You have full access to this open access chapter, Download conference paper PDF
1 Introduction
Mathematical models are an approximation of real life systems and their validity resides in how well the outputs of the model agree with measured data. Often, the input or parameters of the model are uncertain because data is unavailable or inaccurate; for these cases, one typically performs an uncertainty quantification (UQ) analysis to determine how much the outputs vary with the input parameters of the model. The uncertainty in the outputs can be quantified as a range of values, but also as a probability distribution function (pdf). Several methods, for example Monte Carlo computation and polynomial chaos, try to solve the problem of computing the probability distribution of the output given parameters defined as pdf’s.
A field that has experienced renewed interest in these techniques is energy systems engineering. The electrical power grid with the adoption of renewable energy has tied its behavior to stochastic weather fluctuations requiring the use of UQ techniques to predict its performance. However, the scale of these problems is such that conventional methods are not satisfactory from a computational point of view. Monte Carlo methods can be thought of as the first-line tools for UQ; with sufficient sampling they are able to quantify the uncertainty regardless of the input distribution or the nonlinearities of the system. However, Monte Carlo methods suffer from slow convergence, which has led to the search for alternative approximations [8]. Recently, the method of moments sparked new interest as one alternative [5].
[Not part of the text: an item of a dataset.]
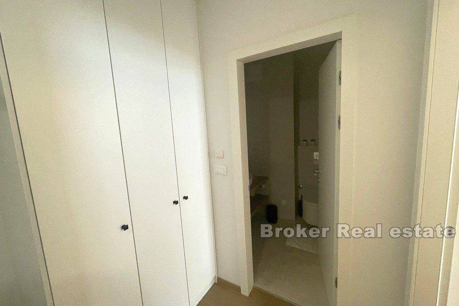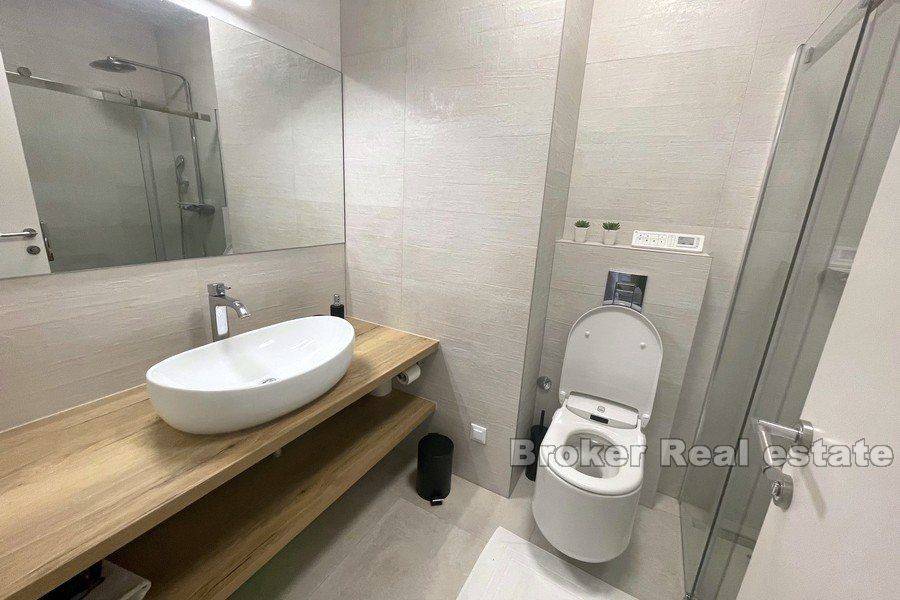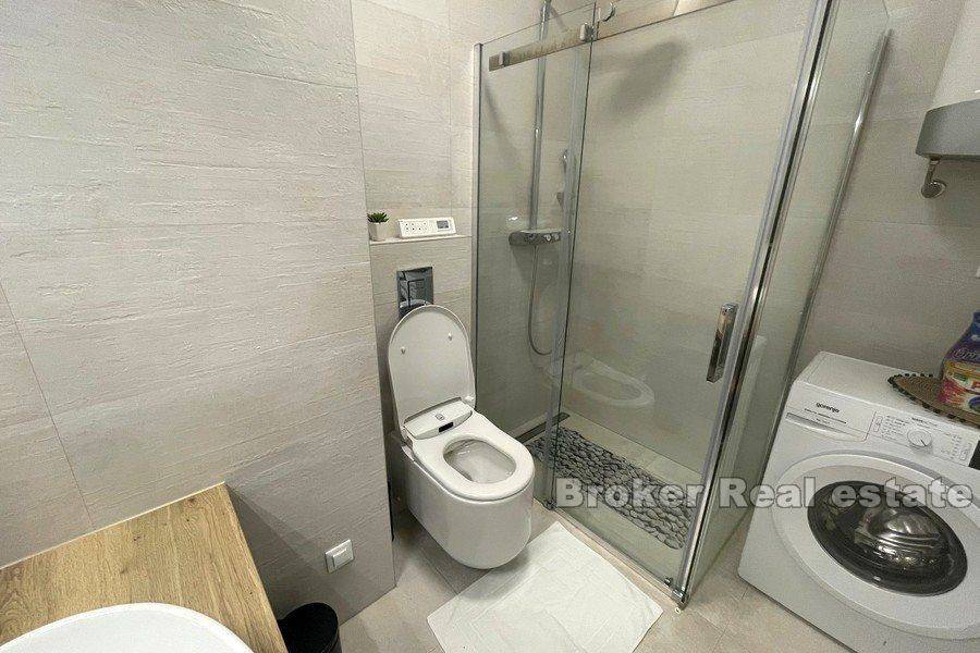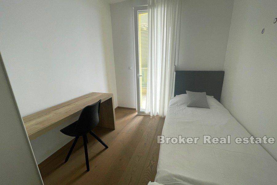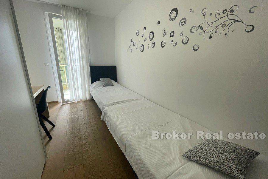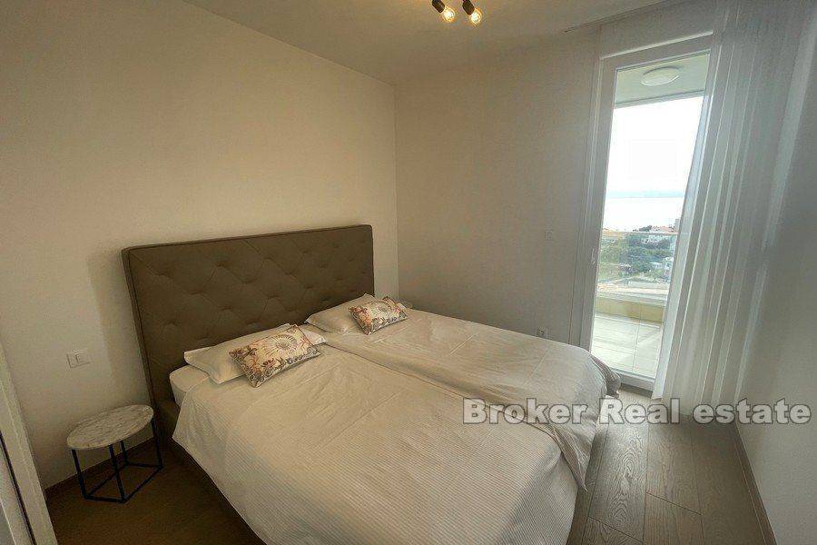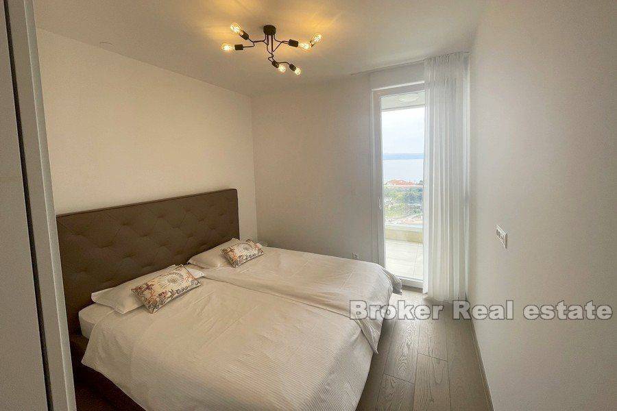 Modern, newly renovated apartment on the seventh floor of a new building with an elevator. It is located in Split, district Trstenik. South orientation with open sea view. The apartment consists of two bedrooms, bathroom, spacious living room with kitchen and dining room and a large loggia of 16m2. Each room, as well as the living room has direct access to the loggia. The apartment is fully furnished and equipped (washing machine and dishes, cutlery). Each room has air conditioning and underfloor heating. There is a possibility of additional payment for the garage space. It is rented for a long term, a minimum of one year. * Considering the volatility and dynamics of renting, the ad is informative and does not necessarily mean that this apartment is available for rent. For current information, please contact us.

The method of moments is an approximating technique that works with the moments of probability distributions instead of their density functions. The main idea is to use a Taylor expansion of the function and write the moments of the output distribution as a polynomial function of the moments of the input distribution. Depending on the characteristics of the function, only a few terms of the Taylor expansion might be enough to achieve enough precision. As noted in [9], one of the main issues with the method of moments is that although its accuracy increases with the degree of the Taylor polynomial, computing higher-order derivatives poses serious technical challenges, leading to mostly linearization techniques for acquiring sensitivities [3].
In this paper we present ADUPROPFootnote 1, a framework developed at Argonne National Laboratory that combines the automatic differentiation (Sect. 2), method of moments (Sect. 3), uncertainty quantification, and distributed parallelism (Sect. 4) into an easy to use tool that is able to quantify uncertainty of dynamical systems using the method of moments at an unprecedented scale. We use automatic differentiation (AD) by overloading through a C++ template library. This flexible technique allows a straightforward augmentation of C++ codes for computing higher-order derivatives. By exploiting the structure of this approach, we implement a scheme that parallelizes both the accumulation of the derivative information and the computation of the covariance based on the derivative values.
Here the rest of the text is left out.